§ ABOUT THIS EXERCISE
Copy, word for word, the opening line of the data and each line after it until the line that contains "Antiparra de seguridad", which is included. Leave the pictures out.

(DATA begins)

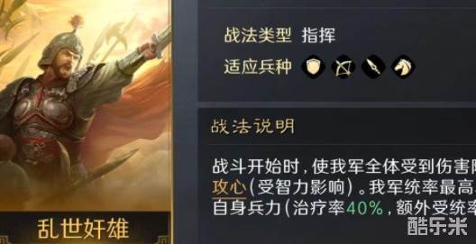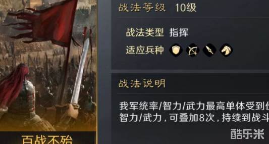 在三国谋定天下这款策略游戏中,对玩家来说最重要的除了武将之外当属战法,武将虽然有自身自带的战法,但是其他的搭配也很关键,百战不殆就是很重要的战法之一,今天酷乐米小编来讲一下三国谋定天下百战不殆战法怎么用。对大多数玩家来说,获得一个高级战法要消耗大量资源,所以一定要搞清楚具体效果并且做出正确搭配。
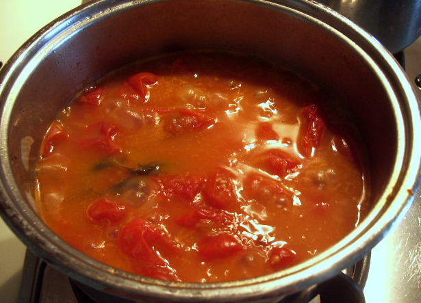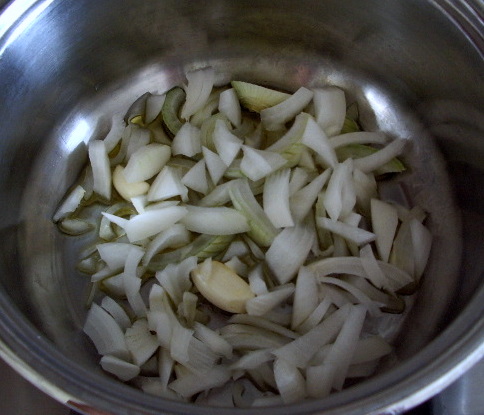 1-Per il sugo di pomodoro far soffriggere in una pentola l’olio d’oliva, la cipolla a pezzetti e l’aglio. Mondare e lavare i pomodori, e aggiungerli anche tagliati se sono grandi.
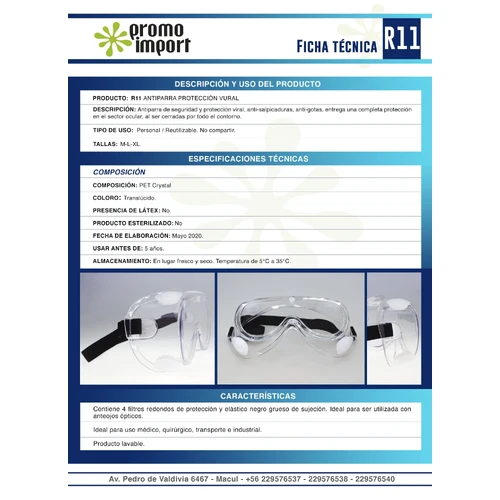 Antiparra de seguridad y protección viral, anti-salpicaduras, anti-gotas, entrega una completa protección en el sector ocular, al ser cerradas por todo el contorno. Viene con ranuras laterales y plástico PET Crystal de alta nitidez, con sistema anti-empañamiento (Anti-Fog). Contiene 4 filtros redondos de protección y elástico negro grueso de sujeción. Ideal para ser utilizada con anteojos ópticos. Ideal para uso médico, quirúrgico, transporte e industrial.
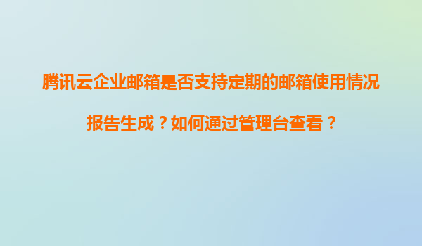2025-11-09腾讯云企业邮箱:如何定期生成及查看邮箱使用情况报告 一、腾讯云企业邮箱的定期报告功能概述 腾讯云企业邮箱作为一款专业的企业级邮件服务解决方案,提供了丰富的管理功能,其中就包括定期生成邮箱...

(DATA ends)

§ YOUR SOLUTION
 在三国谋定天下这款策略游戏中,对玩家来说最重要的除了武将之外当属战法,武将虽然有自身自带的战法,但是其他的搭配也很关键,百战不殆就是很重要的战法之一,今天酷乐米小编来讲一下三国谋定天下百战不殆战法怎么用。对大多数玩家来说,获得一个高级战法要消耗大量资源,所以一定要搞清楚具体效果并且做出正确搭配。
 1-Per il sugo di pomodoro far soffriggere in una pentola l’olio d’oliva, la cipolla a pezzetti e l’aglio. Mondare e lavare i pomodori, e aggiungerli anche tagliati se sono grandi.
 Antiparra de seguridad y protección viral, anti-salpicaduras, anti-gotas, entrega una completa protección en el sector ocular, al ser cerradas por todo el contorno. Viene con ranuras laterales y plástico PET Crystal de alta nitidez, con sistema anti-empañamiento (Anti-Fog). Contiene 4 filtros redondos de protección y elástico negro grueso de sujeción. Ideal para ser utilizada con anteojos ópticos. Ideal para uso médico, quirúrgico, transporte e industrial.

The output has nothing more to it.